*Goal of the exercise*: All of the data must be written out verbatim, with pictures excluded.

*Data excerpt*:
____________

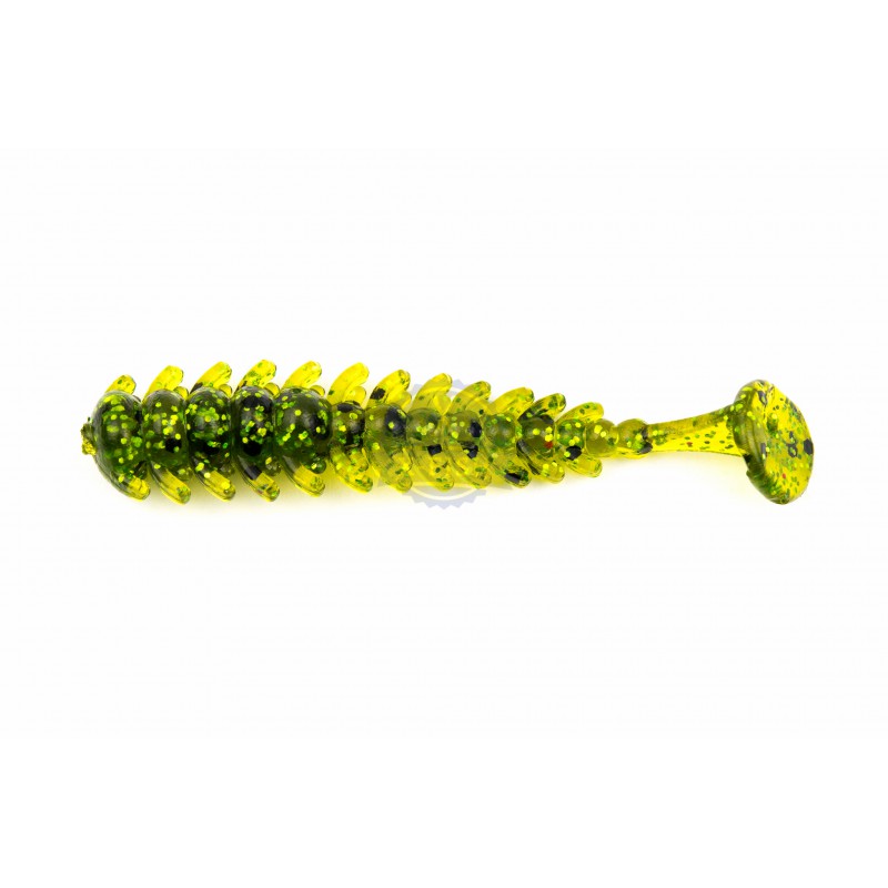 Żebrowany pokryty wypustkami korpus oraz odpowiednio dobrany ogonek sprawiają że przynęta jest chętnie atakowana przez niemal wszystkie drapieżniki.
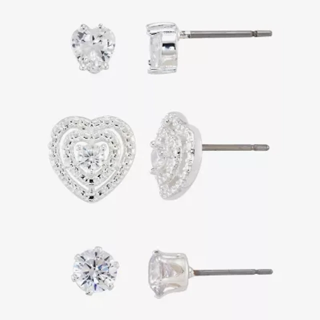 Sparkle Allure Womens Cubic Zirconia Heart 3 Pair Earring Set
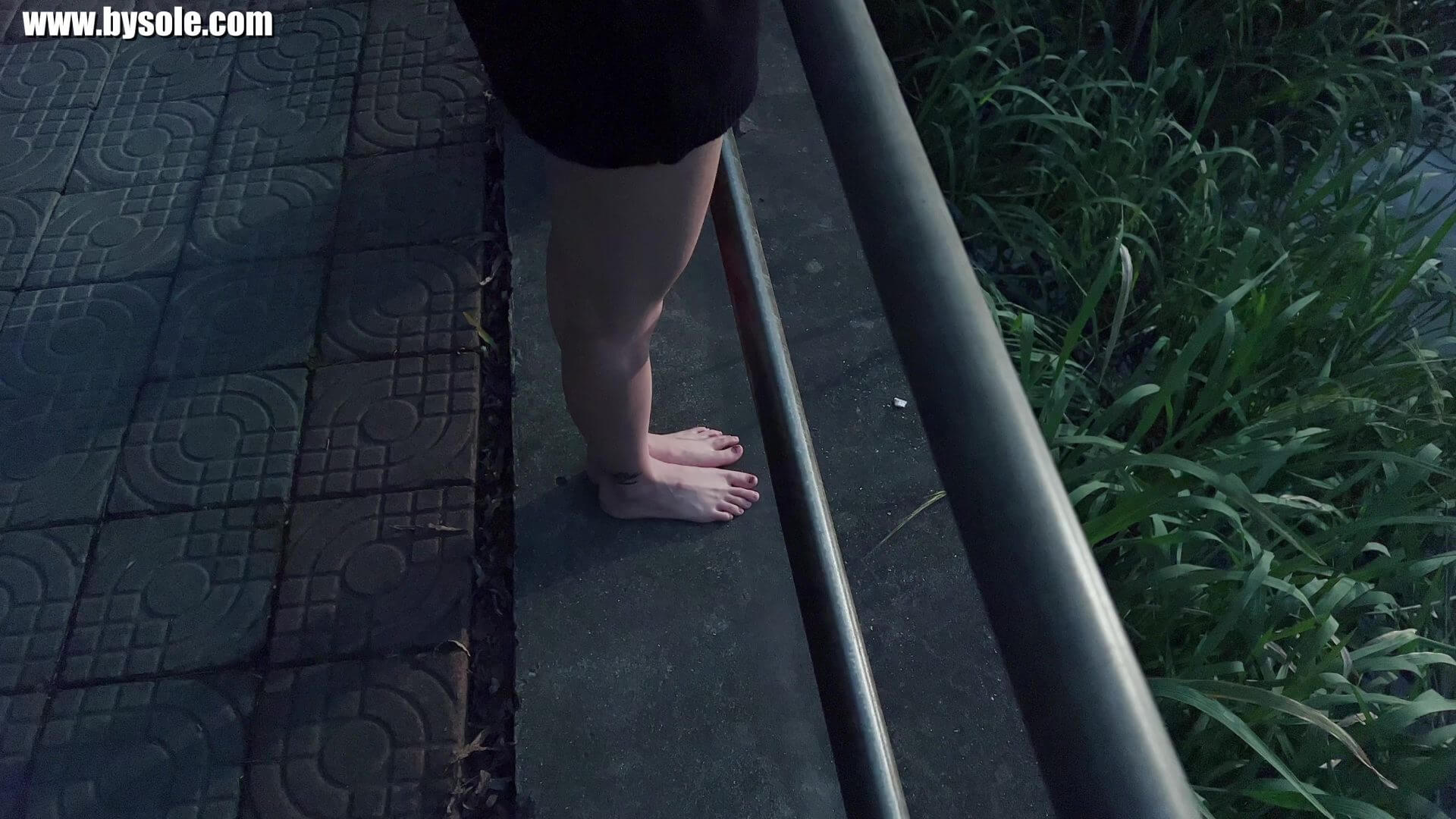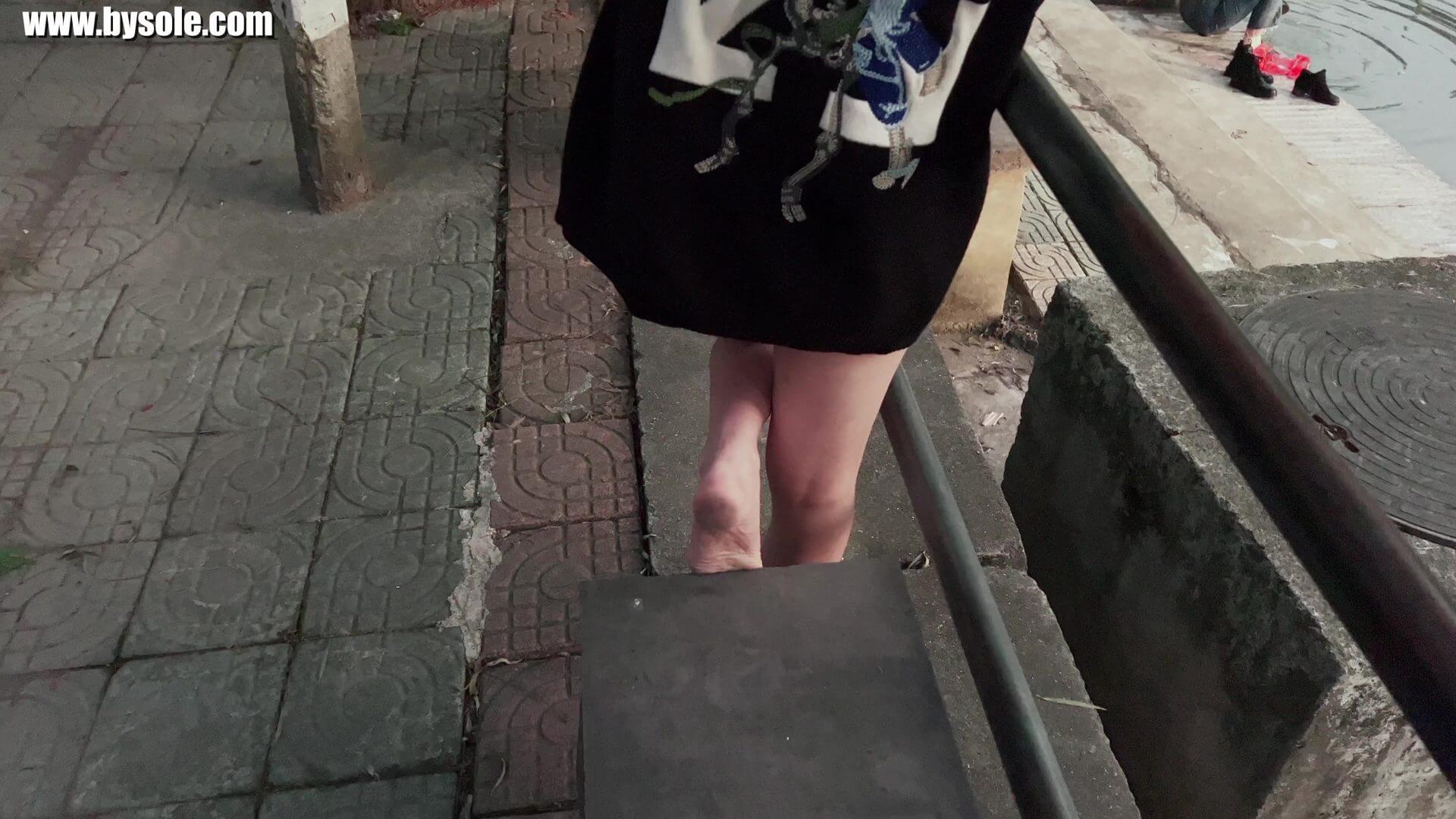 发现生活中的玉足,分享户外赤脚街拍
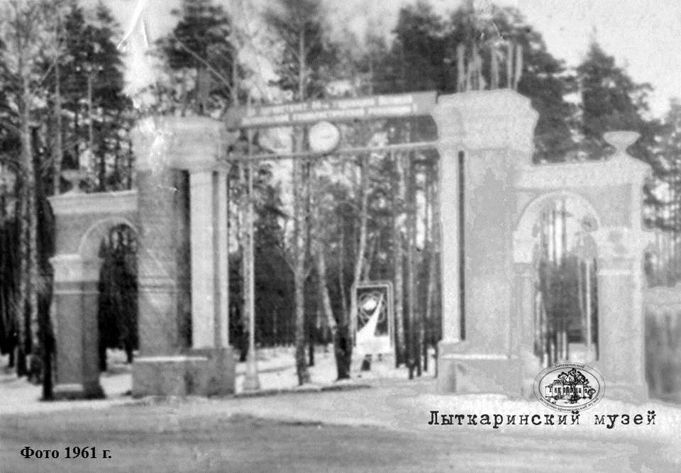 Красные ворота – частичка истории города Лыткарино. Их установили лесорубы первой просеки из двух деревянных столбов, окрашенных революционным ярко-красным цветом. На древках гордо реяли два красных флага. В 1937 или 1938 годах Красные ворота были перенесены с первой просеки на третью – их теперешнее место. В разные годы к ним пристраивали то автобусную остановку, то магазин. По-разному решалось архитектурно-художественное оформление ворот, но их цвет оставался неизменным. Они и сегодня служат главным ориентиром, указывающим дорогу к Лыткаринскому заводу оптического стекла.

____________

*Exercise output*:
 Żebrowany pokryty wypustkami korpus oraz odpowiednio dobrany ogonek sprawiają że przynęta jest chętnie atakowana przez niemal wszystkie drapieżniki.
 Sparkle Allure Womens Cubic Zirconia Heart 3 Pair Earring Set
 发现生活中的玉足,分享户外赤脚街拍
 Красные ворота – частичка истории города Лыткарино. Их установили лесорубы первой просеки из двух деревянных столбов, окрашенных революционным ярко-красным цветом. На древках гордо реяли два красных флага. В 1937 или 1938 годах Красные ворота были перенесены с первой просеки на третью – их теперешнее место. В разные годы к ним пристраивали то автобусную остановку, то магазин. По-разному решалось архитектурно-художественное оформление ворот, но их цвет оставался неизменным. Они и сегодня служат главным ориентиром, указывающим дорогу к Лыткаринскому заводу оптического стекла.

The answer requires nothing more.